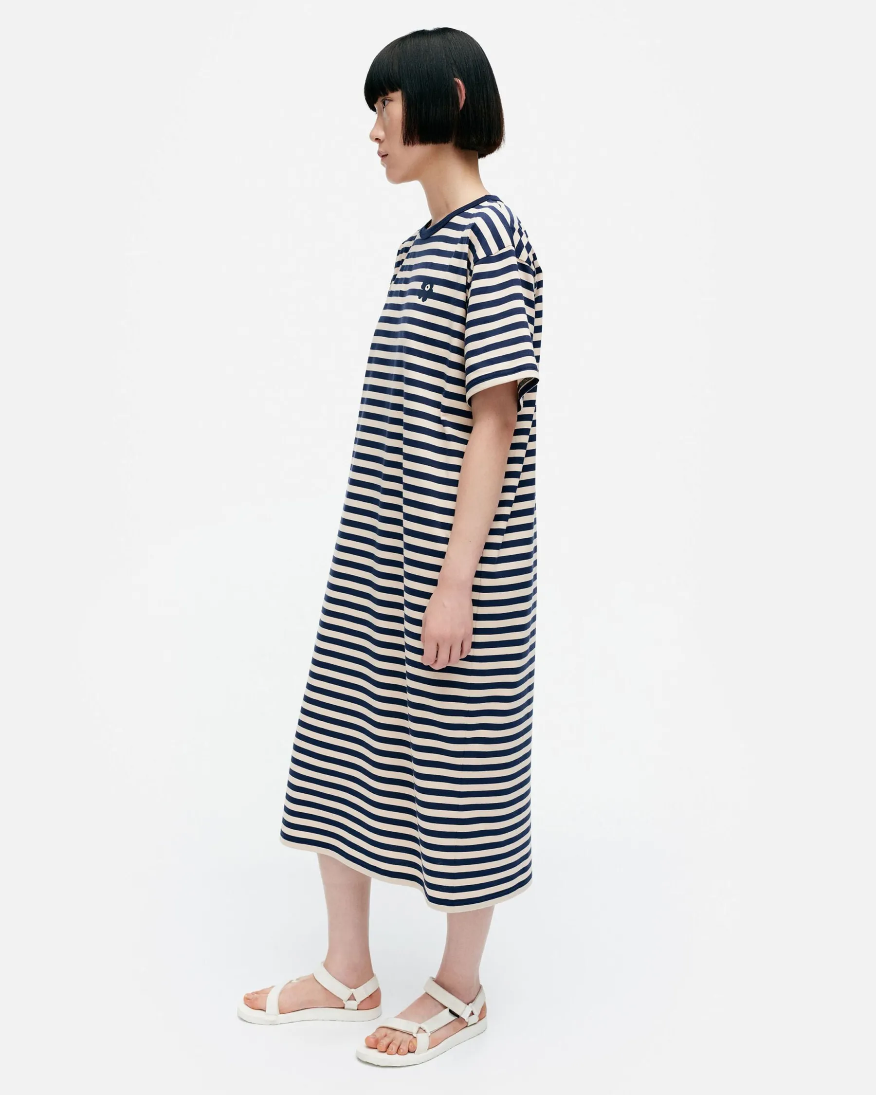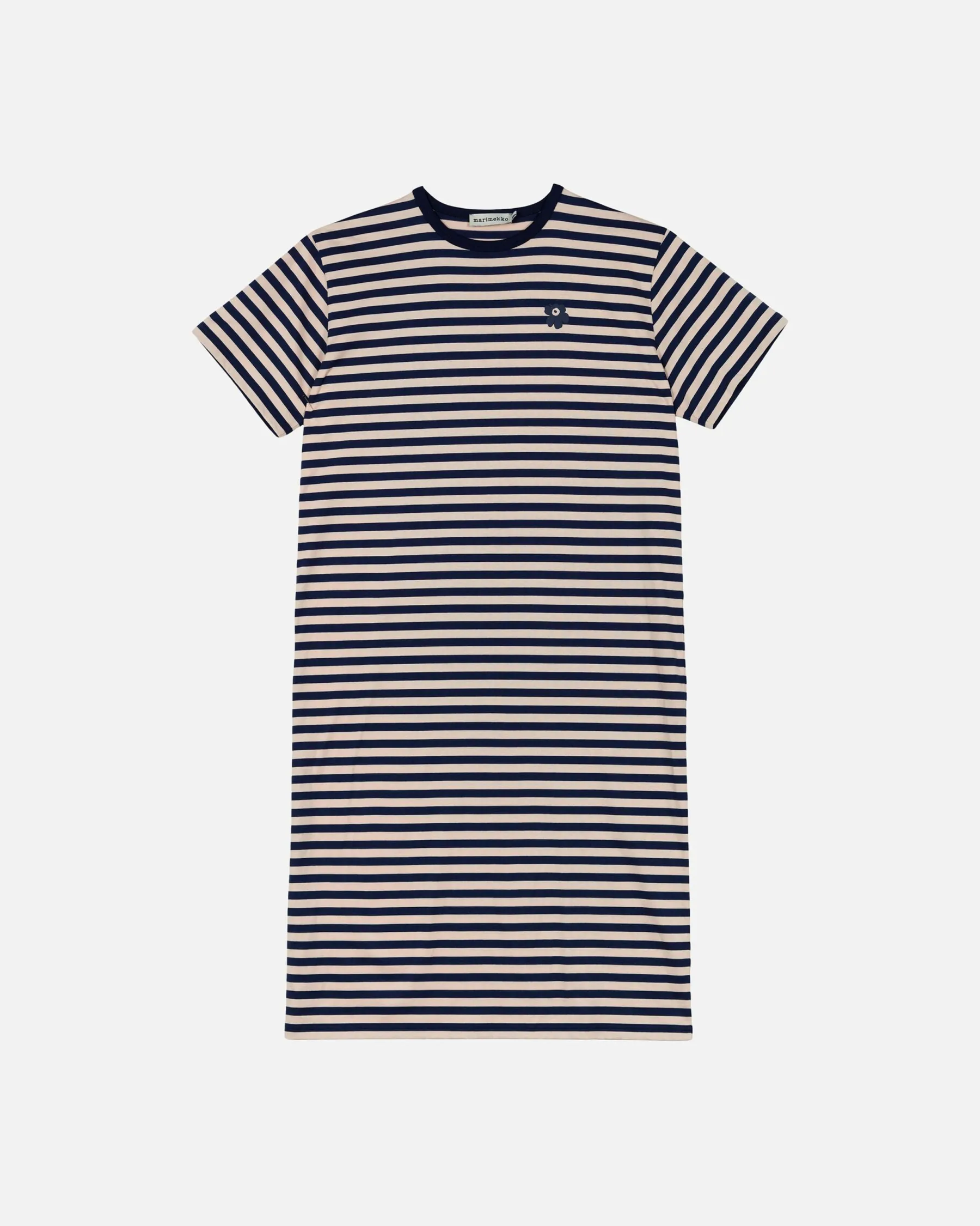Oversized-T-Paita-Mekko On Valmistettu Puuvillatrikoosta Ja Siinä On Väljä Istuvuus. Mekossa On Tasaraita-Kuosi Ja Rintaan On Painettu Pieni Unikko-Kuosin Kukka. Pyöreä Pääntie On Viimeistelty Resorilla.
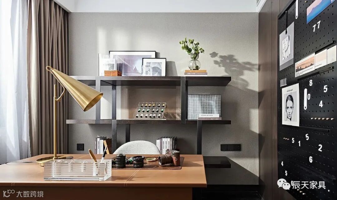 在这里,设计师预设的主人,是一位爱好摄影、自由不羁的艺术家。在木色与黑色拼接的工作台上,一盏造型别致的金属台灯,彰显着居者时尚优雅的审美品味,而一旁的洞洞板,可自由挂置照片或手记,既搭建起艺术化的生活方式,又蕴含着自由的精神内涵。
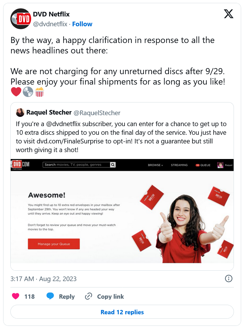 Si cela peut sembler être une belle preuve d'altruisme de la part de l'entreprise, c'est aussi et surtout un bon moyen de liquider leur stock restant à l'approche de la fin du service. Toutefois comme le rapporte CNBC, les clients auront tout de même la possibilité de renvoyer les DVD, et ce jusqu'au 27 octobre 2023.
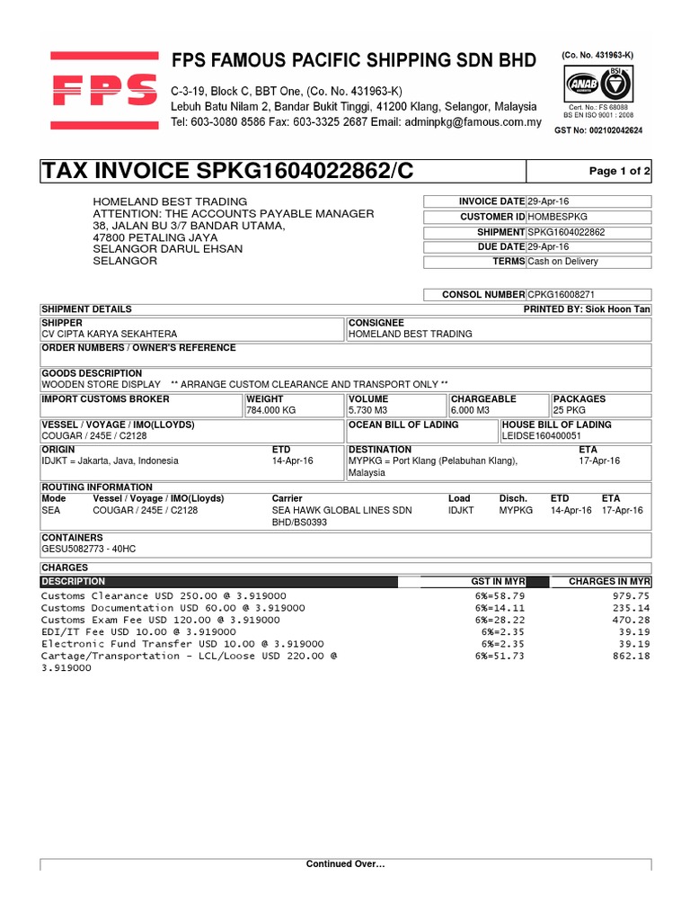 Tax Invoice Spkg1604022862 C Hombespkg 29 Apr 16 Pdf Cargo Bill Of Lading
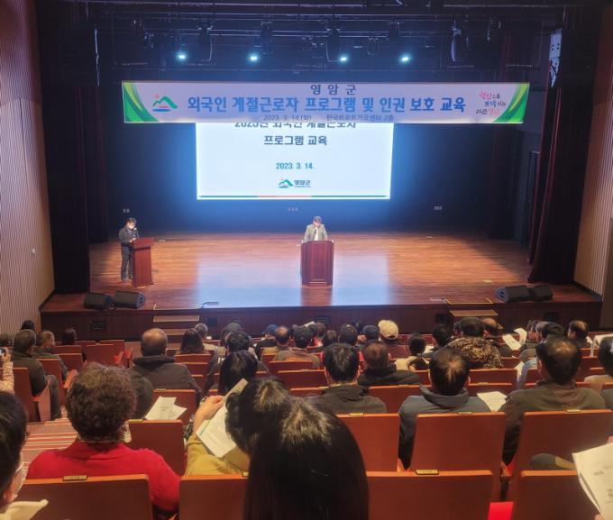 À̳¯ ±³À°Àº ¿ÃÇØ 80³ó°¡, 220¸í ±Ô¸ð·Î ¹èÁ¤ ¿¹Á¤ÀÎ ¿Ü±¹ÀÎ °èÀý±Ù·ÎÀÚµéÀÇ ÀÔ±¹À» ¾ÕµÎ°í °èÀý±Ù·ÎÀÚ °¡Á· 170¸í°ú °í¿ëÁÖ 80¸í µîÀ» ´ë»óÀ¸·Î ½Ç½ÃÇÑ »çÀü ±³À°À¸·Î, ¡â¿Ü±¹ÀÎ °èÀý±Ù·ÎÀÚ ÇÁ·Î±×·¥ ¾È³» ¡â¿Ü±¹ÀÎ ±Ù·ÎÀÚÀÇ Àαǡ¤¹ý·ü¡¤»ýȰ¾ÈÀü ±³À°(Àü³²ÀαDZ³À° À§Ã˰»ç <À̰æÀÚ> Ãʺù) ¡â¿Ü±¹ÀÎ ±Ù·ÎÀÚÀÇ ÅëÀå °³¼³ ¾È³»(³óÇùÁß¾Óȸ ¿µ¾Ï±ºÁöºÎ) ¼øÀ¸·Î ÁøÇàµÇ¾ú´Ù.
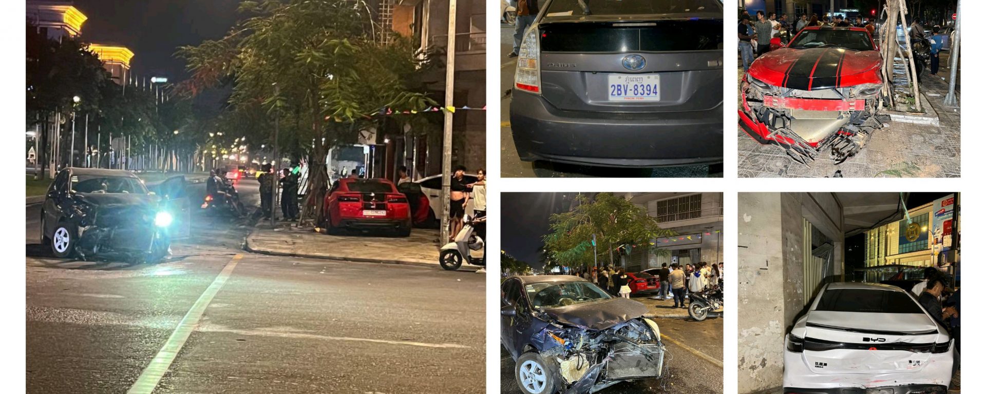 ភ្នំពេញ ៖ បុរសម្នាក់បានបេីករថយន្ត ម៉ាក TOYOTA PRIUS មួយគ្រឿងក្នុងល្បឿនលឿនឆ្លងផ្លូវទាំងបំពានស្តុបក្រហមក៏ជ្រុលទៅបុករថយន្តម៉ាក CHEVROLET CAMARO បើកឆ្លងស្តុបខៀវយ៉ាងពេញទំហឹងប៉ើង ទៅបុករថយន្តម៉ាក BYD ទៅផ្ទបទ្វារផ្ទះប្រជាពលរដ្ឋរងការខូចខាតធ្ងន់ធ្ងរ ។
::::
◆ **Task instructions**
Out of the records above, set down only the lines from the one that contains "在这里,设计师预设的主人,是" through the one that contains "Si cela peut", unchanged and without the pictures.

◆ **Finished exercise**
 在这里,设计师预设的主人,是一位爱好摄影、自由不羁的艺术家。在木色与黑色拼接的工作台上,一盏造型别致的金属台灯,彰显着居者时尚优雅的审美品味,而一旁的洞洞板,可自由挂置照片或手记,既搭建起艺术化的生活方式,又蕴含着自由的精神内涵。
 Si cela peut sembler être une belle preuve d'altruisme de la part de l'entreprise, c'est aussi et surtout un bon moyen de liquider leur stock restant à l'approche de la fin du service. Toutefois comme le rapporte CNBC, les clients auront tout de même la possibilité de renvoyer les DVD, et ce jusqu'au 27 octobre 2023.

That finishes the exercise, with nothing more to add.